Iteration 8 — Resilient JSON Parsing
With complex multi-turn conversations, the AI occasionally produced truncated or malformed JSON — especially near token limits. The repairTruncatedJson method was overhauled:
- Check completeness first: Verify whether brackets are balanced before attempting any repair.
- Only truncate genuinely incomplete JSON — previously, valid JSON was sometimes mangled by premature repair attempts.
- Add
@NoArgsConstructorto all DTO classes to ensure Jackson can deserialize partial objects. - Parse
runToolas a proper typed object (AiToolRequest) instead of a raw map.
Lesson: When you define a structured protocol in the system prompt, the AI will follow it most of the time — perhaps 95%. Your application must handle the other 5% gracefully.

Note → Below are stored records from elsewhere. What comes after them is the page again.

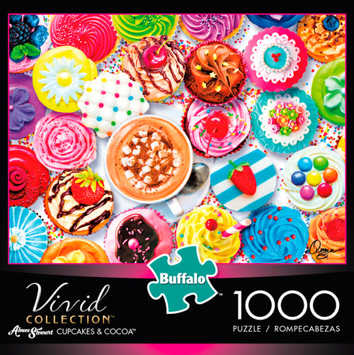 Ce puzzle de 1000 pièces de la collection Buffalo Games Vivid présente un assortiment de friandises alléchantes dans un arc-en-ciel de couleurs à choisir. Ce qui se passe mieux avec des cupcakes décorés colorés qu'une tasse de cacao chaud avec des guimauves! Amusez-vous à assembler les images brillantes et audacieuses qui vous donnent envie d'en prendre une bouchée. Cupcakes & Cocoa est basé sur les œuvres d'art d'Aimee Stewart qui est une artiste autodidacte spécialisée dans la peinture numérique électrique luxuriante et la manipulation de photos. Inspiré par la musique et la littérature, Stewart travaille du cœur pour donner vie à ses visions uniques. Chaque puzzle de puzzle de Buffalo Games est fabriqué aux États-Unis auprès de Recycled Puzzle Board. Une technique de coupe de précision garantit que chaque pièce s'adaptera profondément à la signature Perfect Snap ™ de l'entreprise. Une affiche de puzzle bonus est également incluse afin que vous ayez une référence pratique de ce à quoi le puzzle terminé devrait ressembler pendant que vous assembez le vôtre.
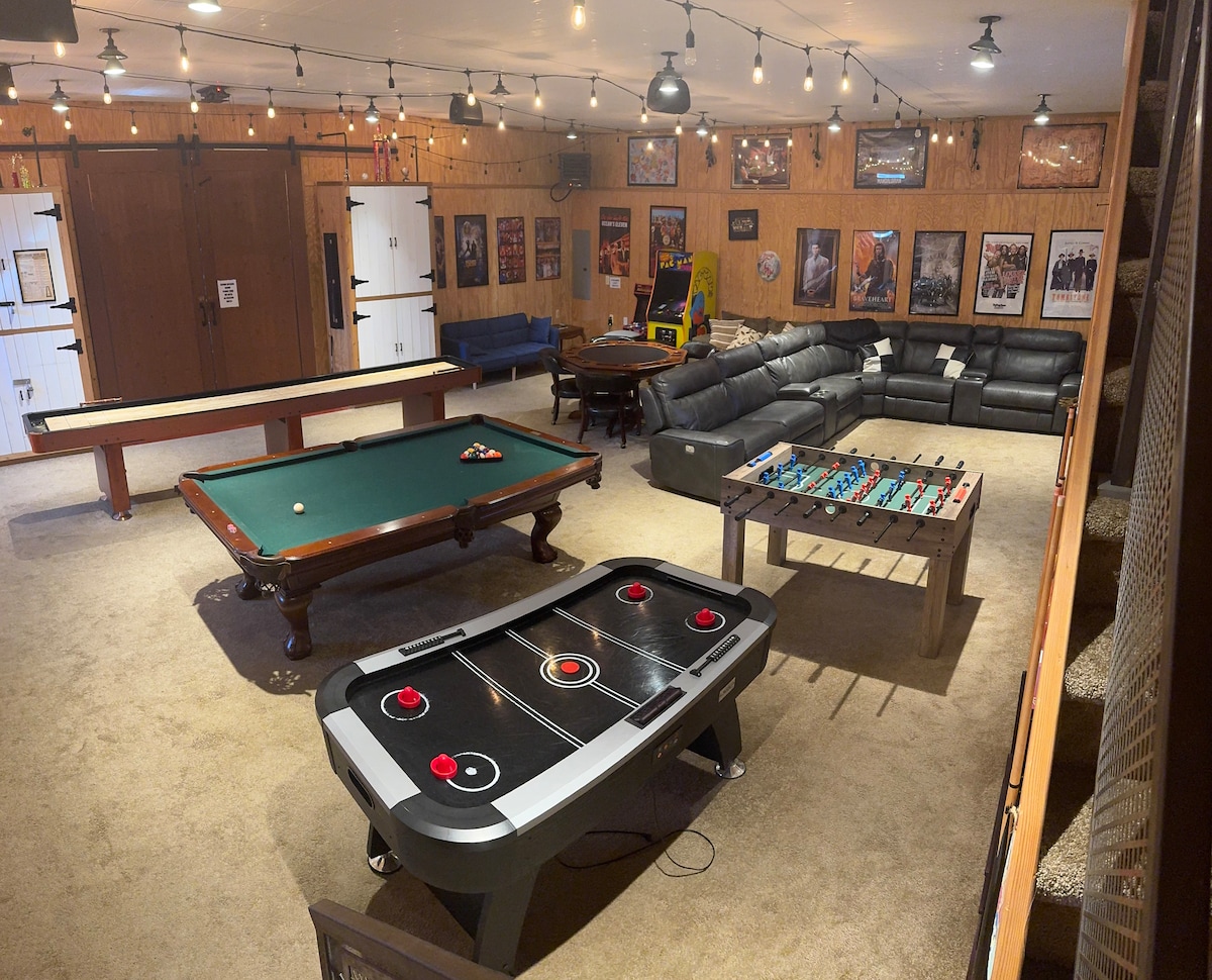 Denna specialbyggda lada har 2 sovrum och 1 badrum. Huvudnivån har ett fullt utrustat spelområde med biljard, shuffleboardbord, airhockey, en 60-game arkadmaskin, en Mortal Kombat-maskin, ett pokerbord och två skåp fullmatade med kort och brädspel. Tre smarta TV-apparater pryder väggarna. Det gemensamma utomhusutrymmet på bakgården inkluderar en bubbelpool, hängmatta, utomhus putting green, en justerbar basketkorg, gungor, en grill, hästskor, en lekplats, ett lusthusområde och en fylld fiskedamm.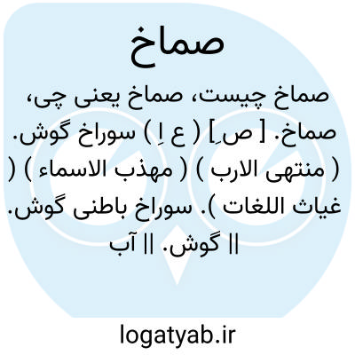 صماخ. [ ص ُ ] ( ع اِ ) شاید که مشتق از دردی بود در صماخ و آن شکافتن گوش است چه این کلمه بر وزن ادواء ( بیماریها )است، چون: سُعال و زُکام و حُلاق. ( معجم البلدان ).

Invest in resilient parsing, not stricter prompts.
Iteration 9 — AI-Assisted Diff Recovery
Even with all the fuzzy matching from Iteration 6, diffs still sometimes failed to apply — typically because the file had been modified by a previous step in the same conversation, and the SEARCH block no longer matched.
The elegant solution: ask the AI to resolve it.
When a DiffApplyException occurs:
- Fetch the current file content from the repository.
- Send both the current content and the failed diff to the AI.
- Ask it to produce the complete new file content.
This is far more robust than implementing ever-more-complex matching strategies in the DiffApplyService. The AI sees the actual current state of the file and can produce the intended result directly.
Lesson: When your deterministic code fails, don’t add more deterministic complexity — delegate back to the AI. It can reason about intent in ways that string matching never will.
Summary of Key Takeaways
After nine iterations, these are the principles I’d carry into any agentic system:
| Principle | Detail |
|---|---|
| Inversion of control | The agent drives the logic; your app is the execution environment. |
| Choose the split wisely | Keep deterministic steps in the app; delegate reasoning to the LLM. Each side has clear trade-offs. |
| Context is everything | Invest heavily in smart, dynamic context gathering. |
| Cap your iteration loops | LLMs improve with feedback, but after 3 failed attempts, change your strategy — don’t just retry. |
| Let the agent ask for more | Never assume you’ve provided enough information upfront. |
| Define a protocol, but be resilient | Structured output formats are essential, but the AI will violate them. Build robust parsers. |
| Minimise token waste | Use diffs, summaries, and deduplication to keep the context window focused. |
| Delegate validation to the agent | The AI knows the build system better than a hardcoded checker. |
| Minimise the toolset | Expose only the tools strictly needed. Every additional tool is a security risk and a source of complexity. |
| Use the AI to fix AI failures | When diff application or parsing fails, ask the AI to resolve it. |
Building agentic systems is an exercise in designing for uncertainty. The AI is powerful but imprecise. Your surrounding infrastructure must be resilient, adaptive, and willing to hand control back to the agent when deterministic approaches fail. The result is a system that is more capable than either part alone.